To make matters worse, pre-built milestones run out.

All these years, we were looking forward – forward to eating with a spoon, forward to driving on the highway without an adult, forward to buying a beer, making a living, having it all.

If we haven’t been practicing creating our own milestones, our own futures, we can be left looking like a blank canvas when the prebuilt template falls away.

So how do you create your own milestones? You can start with the advice that Dan Sullivan and Catherine Nomura say in “The Laws of Lifetime Growth” Always make your future bigger than your past.

The book is a free listen on audible if you’re a member there… so check it out – or click the link above and find it on Amazon.

Having a future that’s bigger than your past is about letting go of the rules that hold us back, those cultural conditions that say the goal of life is to be able to stop working, that tell us that women do some jobs and men do others. (And yes, that’s still a thing. Hello.)

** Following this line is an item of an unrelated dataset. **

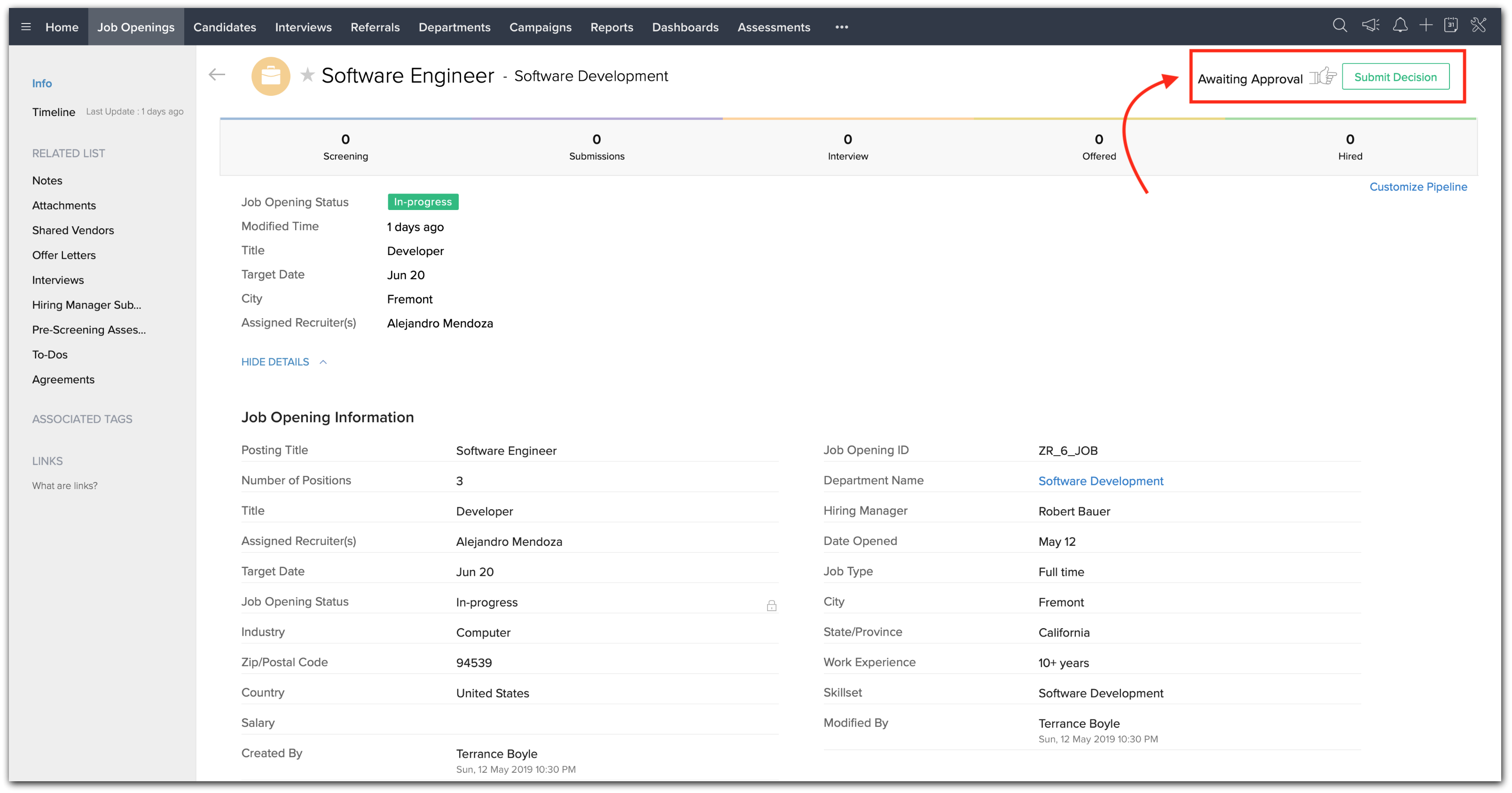 Moreover, in your recruitment database when there are loads of decisions to be approved, it becomes a tiresome task to sort through records and send them for someone’s approval.

The goal of life is to become as much of who you are and what you are as you possibly can.

See that tree up there at the top of the blog?

Do you think it was looking at other trees to show it how to become that grand, spreading, wonder of global carbon reduction? If you do, please write me.

That sparkling green marvel is an example of what that kind of tree can become when it has plenty of water, sun, space, time, and – yeah – some luck.

What kind of human can you become if you have plenty of water, sun, space, and time?

What kind of human can you become if you just start where you’re at and keep growing?

What is the biggest, broadest, most ALIVE version of you that is possible in the world?

Don’t breeze past that question. A good answer should take you at least a half-hour of journaling. You have a lunch break… why not jot some ideas down? After all, that’s the milestone you want out there.

That’s the milestone we all want you to reach.

You – being that big, alive version of yourself – makes the future bigger and brighter for everyone.

You. The fullest expression of you…is the path.

And that? Is just the best thing ever.

I have a six-week program that walks clients through ending over-working. Clients consistently see results by week four, at which point – we do the work of building out what a bright future looks like. Sound good? Sign up for a quick conversation, let’s see if I can help you branch out.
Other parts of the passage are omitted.